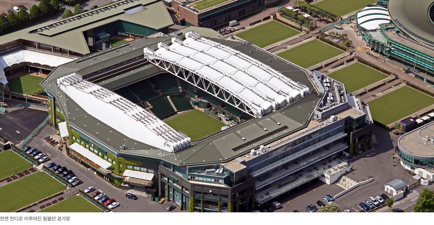 윔블던에서는 1년에 한 번 열리는 그랜드슬램 대회를 위해 무려 1년 동안 스케줄을 세워 잔디를 관리하고 대회를 준비한다. 한국에도 천연잔디로 보이는 코트들을 많이 마주칠 수 있는데 이는 전부 인조잔디다. 인조잔디는 비가 왔을 때 빨리 마른다는 장점이 있고 무엇보다 코트를 시공하는 가격이 매우 저렴하기 때문에 쉽게 만나볼 수 있다.
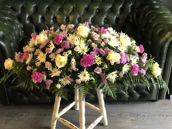 A feminine casket spray including a selection of pink blooms in a variety of shades and different types of roses.
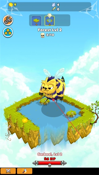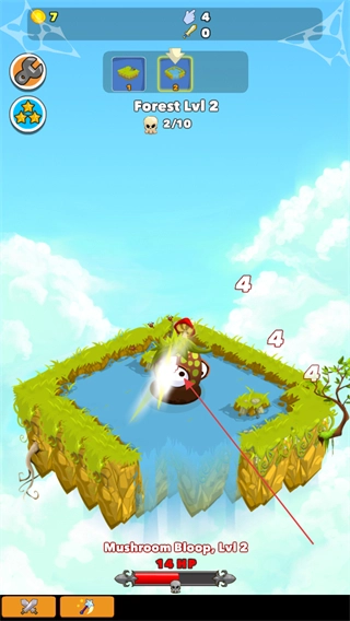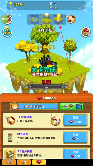 在场景里点击怪物就能发起攻击,把怪物打败后可以得到金币和经验,这些奖励能帮助提升关卡等级,比如森林等级2级、3级、4级这样逐步升级。
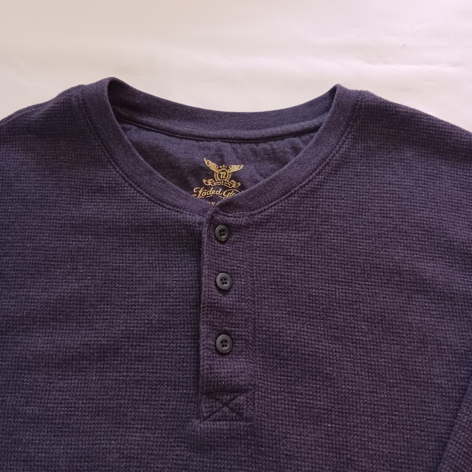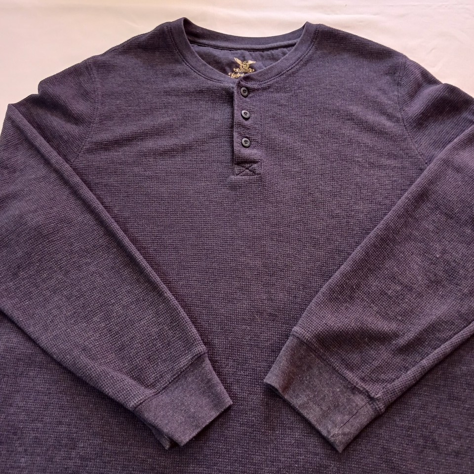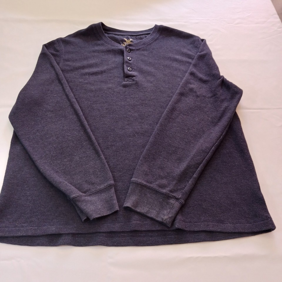 - Faded Glory Mens Blue Cotton Blend Thermal Sweatshirt Button Knit Crew 2XL 50-52
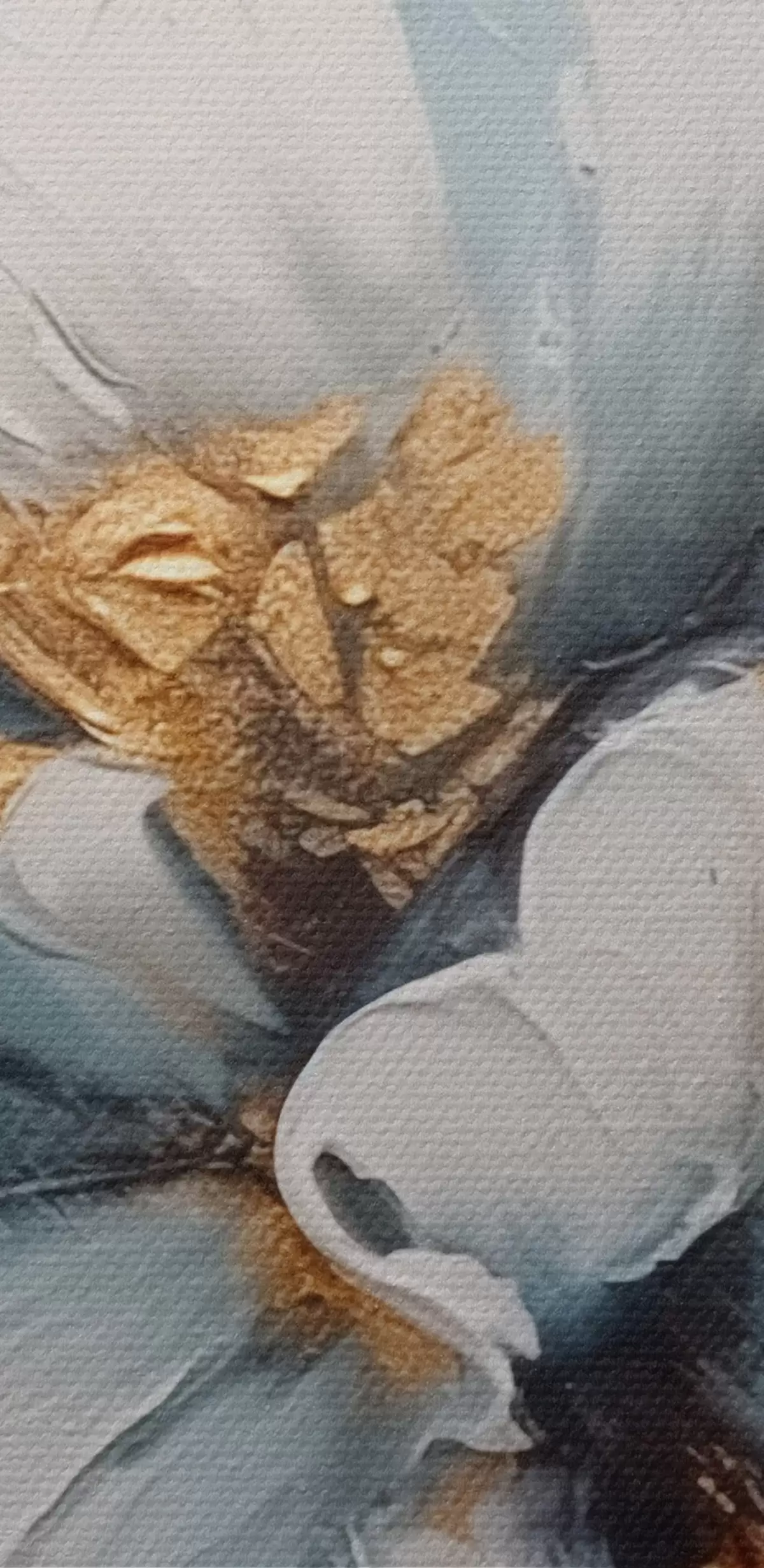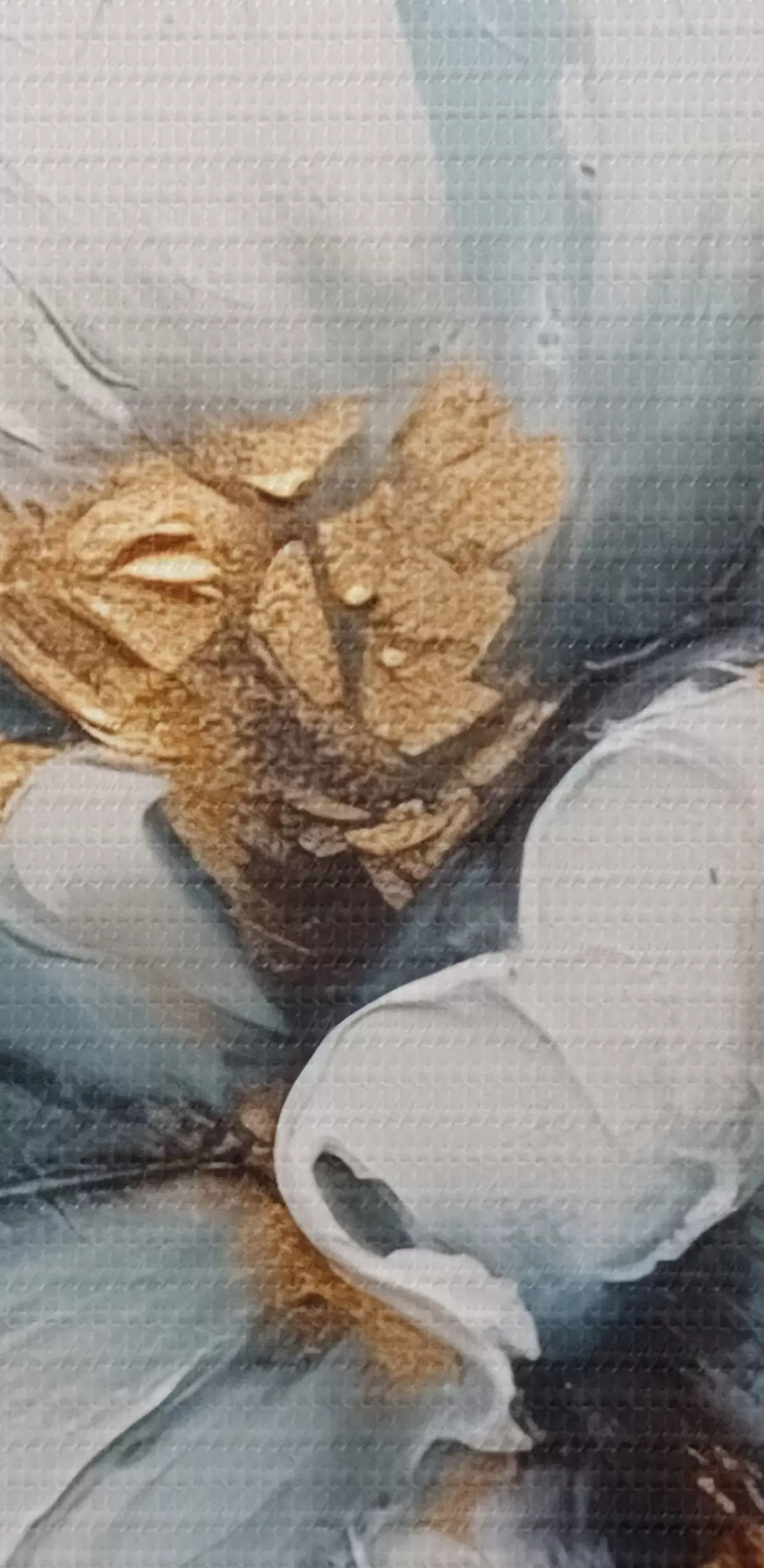 Smalkais diegu pinums uz šī audekla atgādina profesionālu mākslinieku audeklu virsmu.
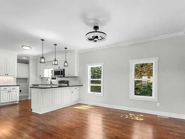 Welcome to Liberty! This newly remodeled 5 bedroom home has a gracious southern front porch. Front door opens into wide open living space with hardwood floors. The master has a luxurious soaking tub with a separate shower. Two other bedrooms on the main level share a bath. Upstairs has a fabulous open den/play area which separates two other bedrooms and the third bathroom. Laundry room is located on the main level. It opens to an expansisve back deck with steps down to a sitting area with firepit. Home is located on 5 acres and located just 5 minutes from public boat ramp.
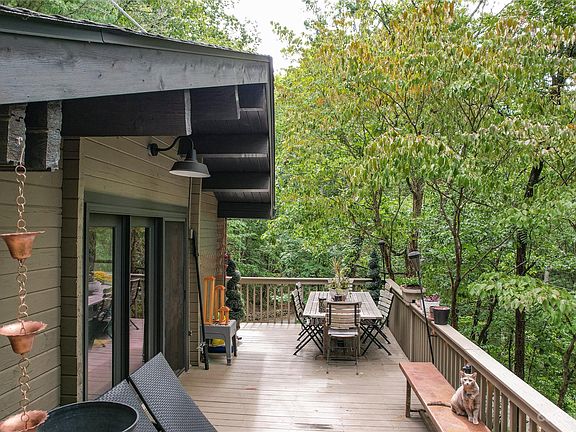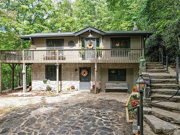 For outdoor enthusiasts, there's a garden area, shed, fire-pit, as well as a wrap-around deck that's perfect for entertaining, offering year-round views to savor in worry-free comfort. The property features a stone staircase and foundation, and it's connected to city water. Plus, it's just 10 minutes from Asheville, minutes from Black Mountain located in Swannanoa.
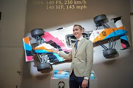 Sono esposti anche i veicoli ad alta velocità della casa asburgica. L’oggetto più recente in mostra è l’auto da corsa nella sua rappresentazione artistica (Formula Renault 1.6) di Ferdinando d’Asburgo. Il figlio di Carlo e Francesca d’Asburgo è pilota e nuova speranza della Formula 1. La sua "Art Car" viene raffrontata con due veicoli storici: l’auto sportiva costruita nel 1814 per l’Imperatore Francesco I, che raggiungeva la velocità di 16 km/h con l’ausilio di due cavalli; e l’"auto imperiale" da 45 CV di Carlo I, una vettura a benzina con 5 marce e una velocità massima di 90 km/h. L’"Art Car" del pronipote Ferdinando d’Asburgo ha 140 CV sotto il cofano e arriva fino a 230 km/h.
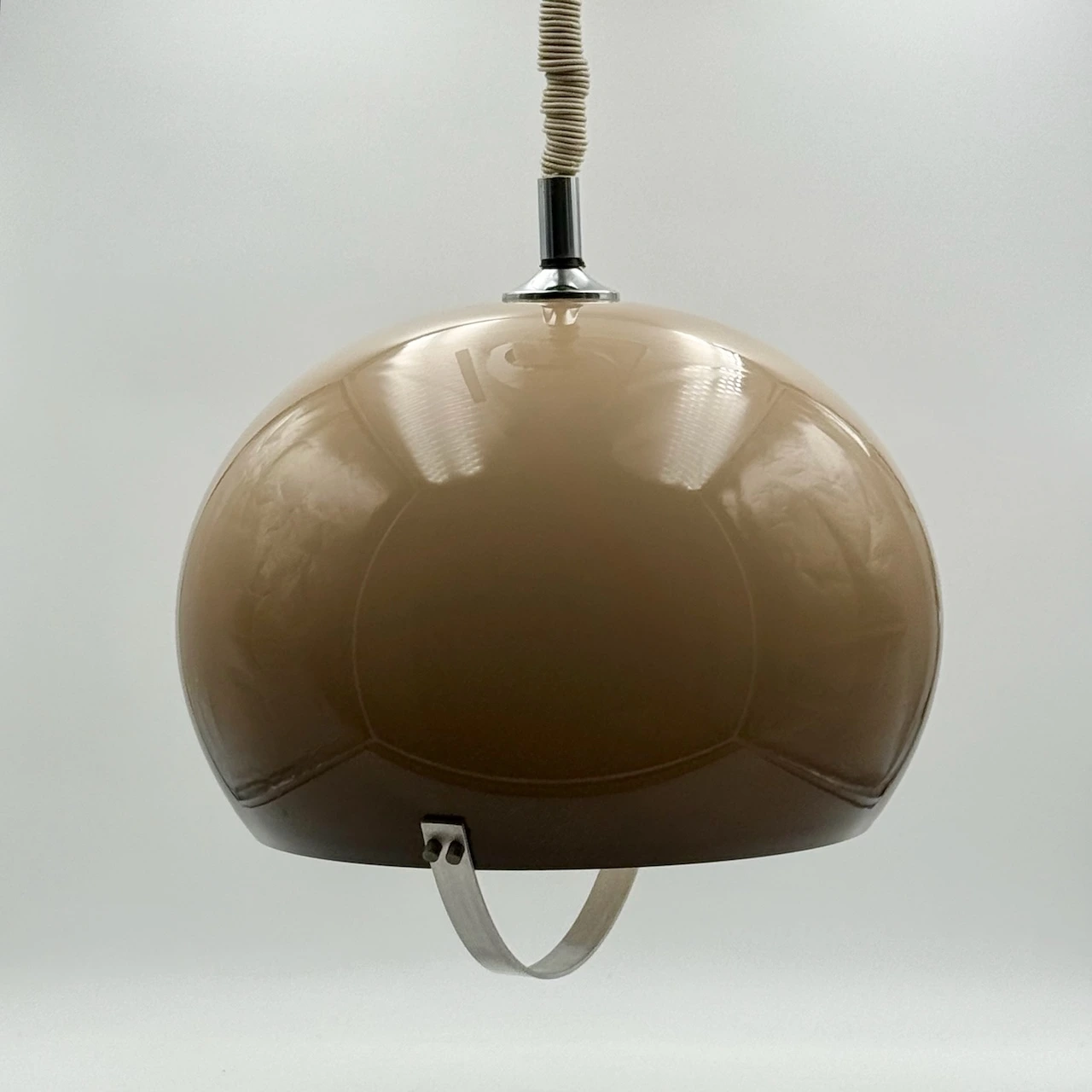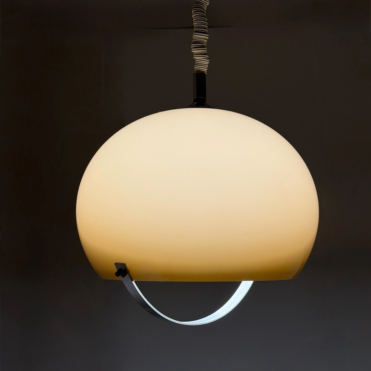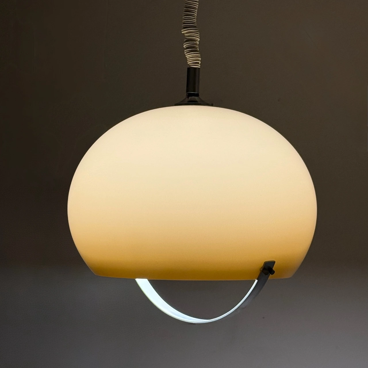 With its generous proportions (35 cm high, 37 cm diameter), this italian space age pendant immediately becomes a focal point. The curved steel handle accentuates the open lower section, giving the lamp its distinctive Space Age look. The ceiling cup shows some wear but can be replaced if desired. The pendant works with a standard E27 bulb and is in excellent vintage condition overall, with light surface marks compatible with its age.

*Exercise aim:*
Within the listing above, the stretch from the line with "Welcome to Liberty!" down to the line with "For outdoor enthusiasts, there's" is to be given again exactly, end lines included and pictures excluded.

*Written response:*
 Welcome to Liberty! This newly remodeled 5 bedroom home has a gracious southern front porch. Front door opens into wide open living space with hardwood floors. The master has a luxurious soaking tub with a separate shower. Two other bedrooms on the main level share a bath. Upstairs has a fabulous open den/play area which separates two other bedrooms and the third bathroom. Laundry room is located on the main level. It opens to an expansisve back deck with steps down to a sitting area with firepit. Home is located on 5 acres and located just 5 minutes from public boat ramp.
 For outdoor enthusiasts, there's a garden area, shed, fire-pit, as well as a wrap-around deck that's perfect for entertaining, offering year-round views to savor in worry-free comfort. The property features a stone staircase and foundation, and it's connected to city water. Plus, it's just 10 minutes from Asheville, minutes from Black Mountain located in Swannanoa.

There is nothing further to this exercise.